* [Extracted data entries]
((

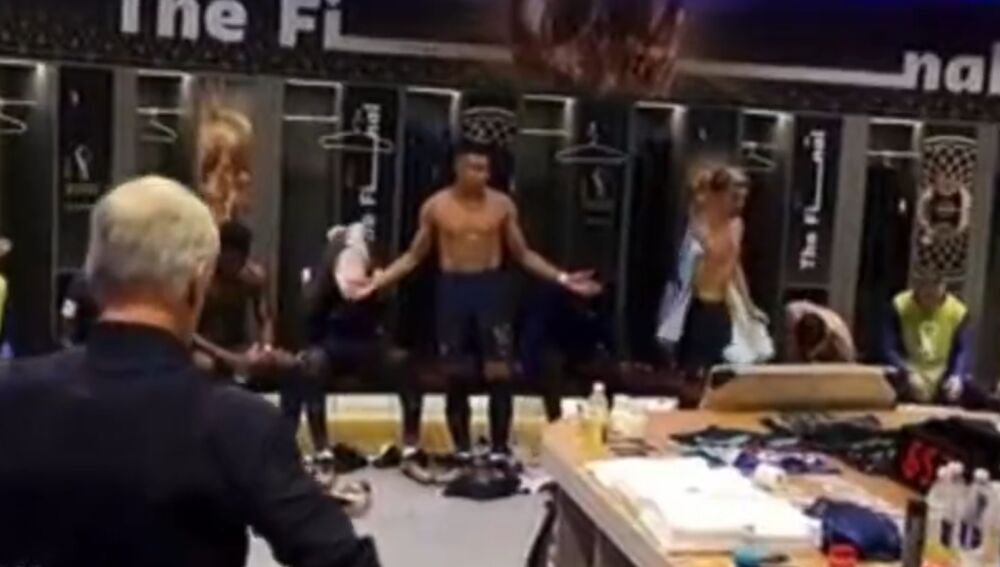 El primero en tomar la palabra había sido el seleccionador Didier Deschamps, que se encargó de recordar a sus jugadores que estaban disputando una final: "Necesitamos más precisión en los pases, más precisión en las decisiones. No sois compactos. Tenéis que estar más cerca uno del otro. ¡No estáis allí! No estáis en ninguna segunda jugada. ¡No estáis jugando una final del Mundial!", afirmó visiblemente cabreado.
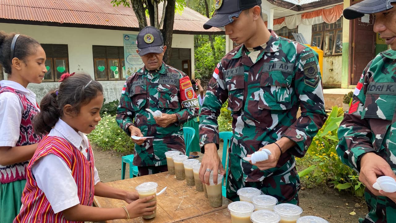 Belu – Satgas Pamtas RI–RDTL Sektor Timur Yonarmed 12 Kostrad melalui Pos Maubusa melaksanakan kegiatan pembagian bubur kacang hijau kepada siswa-siswi SD Beitaus yang berlokasi di Asumanu, Kecamatan Raihat, Kabupaten Belu, Nusa Tenggara Timur, Senin (2/2/2026). Kegiatan ini merupakan bentuk kepedulian TNI terhadap pemenuhan gizi anak-anak sekolah di wilayah perbatasan RI–RDTL.
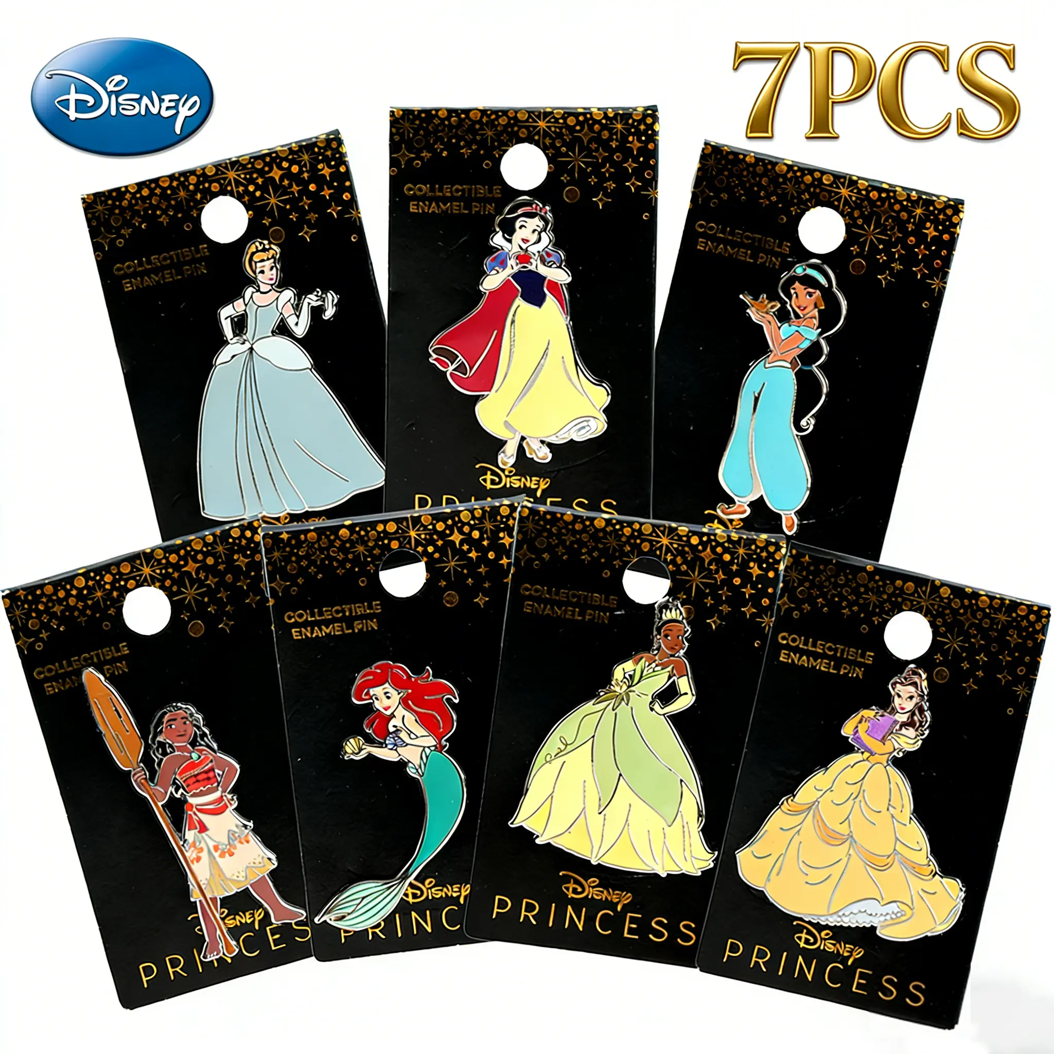 ·Glittering Princess-Themed Packaging: Each pin comes on a star-adorned Disney Princess card, ideal for gifting or organizing your collection
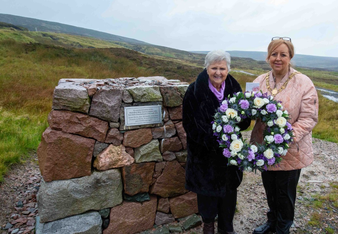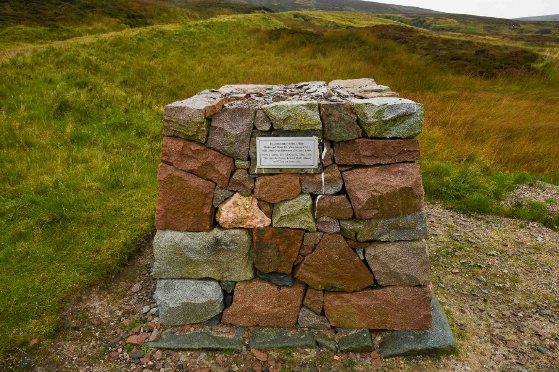 The cairn features a plaque carrying the names of six miners who lost their lives between 1942, when the mine reopened after a brief closure, and 1969 when the mine was closed permanently – James Burns, Eric McQuade, John Dale, Thomas Andrews, Ernest Mulholland and Charles Sprought.
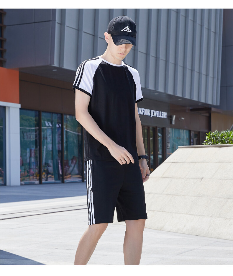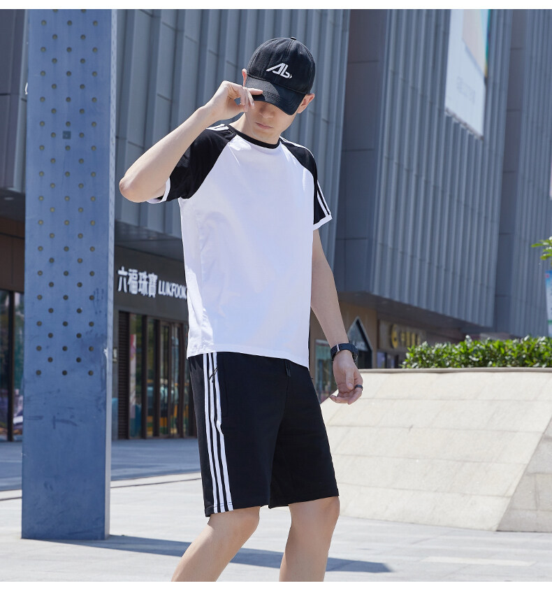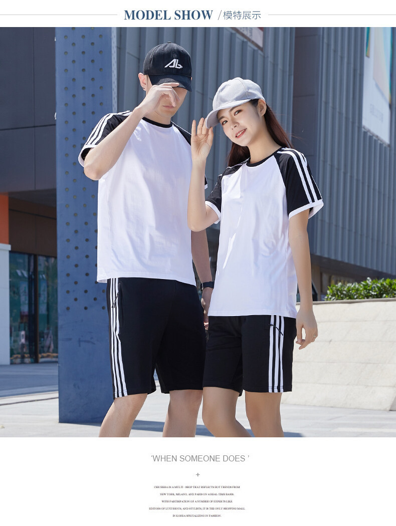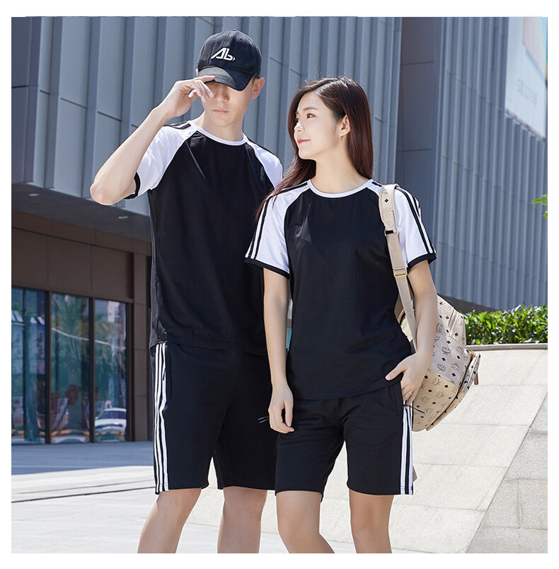 2022 잘생긴 하이핏 스포츠웨어 세트 면 남성과 여성 커플 세트 반팔 반바지 투피스 세트스토어 가기
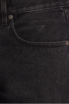 Off-White的黑色破洞牛仔裤。纽扣开合。后部饰有标志贴花。五个插袋。长裤腿,略锥形。
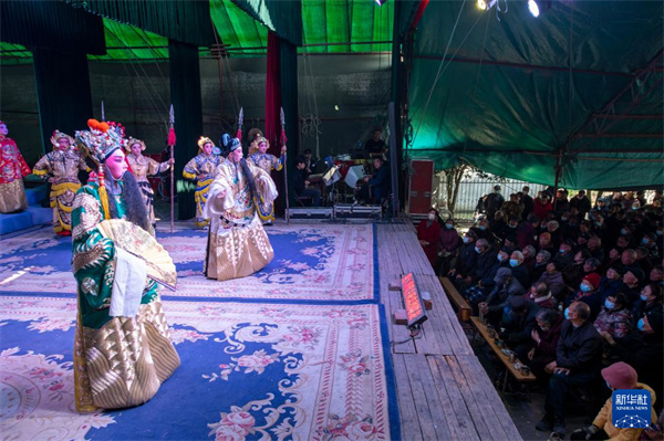 2月20日,在浙江省金华市金东区孝顺镇中街村广场,村民在观看婺剧表演。新华社发(胡肖飞 摄)
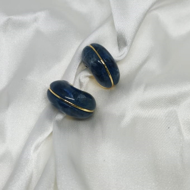 Pair these earrings with crisp whites, denim, or neutral tones to let the rich blue hues stand out. They work beautifully with both casual and semi-formal ensembles—think a structured blazer with jeans or a satin midi dress. For a polished finish, wear your hair tucked behind the ears or in a sleek bun to highlight the earrings’ sculptural form. You can complement the look with a blue-toned eyeshadow or gold accents in other accessories to create a cohesive, fashion-forward vibe.

))

Set down word for word every line from the one containing "organizing your collection" through the last line of the records above, both ends included. Leave out the pictures.

* [Answer below]
 ·Glittering Princess-Themed Packaging: Each pin comes on a star-adorned Disney Princess card, ideal for gifting or organizing your collection
 The cairn features a plaque carrying the names of six miners who lost their lives between 1942, when the mine reopened after a brief closure, and 1969 when the mine was closed permanently – James Burns, Eric McQuade, John Dale, Thomas Andrews, Ernest Mulholland and Charles Sprought.
 2022 잘생긴 하이핏 스포츠웨어 세트 면 남성과 여성 커플 세트 반팔 반바지 투피스 세트스토어 가기
 Off-White的黑色破洞牛仔裤。纽扣开合。后部饰有标志贴花。五个插袋。长裤腿,略锥形。
 2月20日,在浙江省金华市金东区孝顺镇中街村广场,村民在观看婺剧表演。新华社发(胡肖飞 摄)
 Pair these earrings with crisp whites, denim, or neutral tones to let the rich blue hues stand out. They work beautifully with both casual and semi-formal ensembles—think a structured blazer with jeans or a satin midi dress. For a polished finish, wear your hair tucked behind the ears or in a sleek bun to highlight the earrings’ sculptural form. You can complement the look with a blue-toned eyeshadow or gold accents in other accessories to create a cohesive, fashion-forward vibe.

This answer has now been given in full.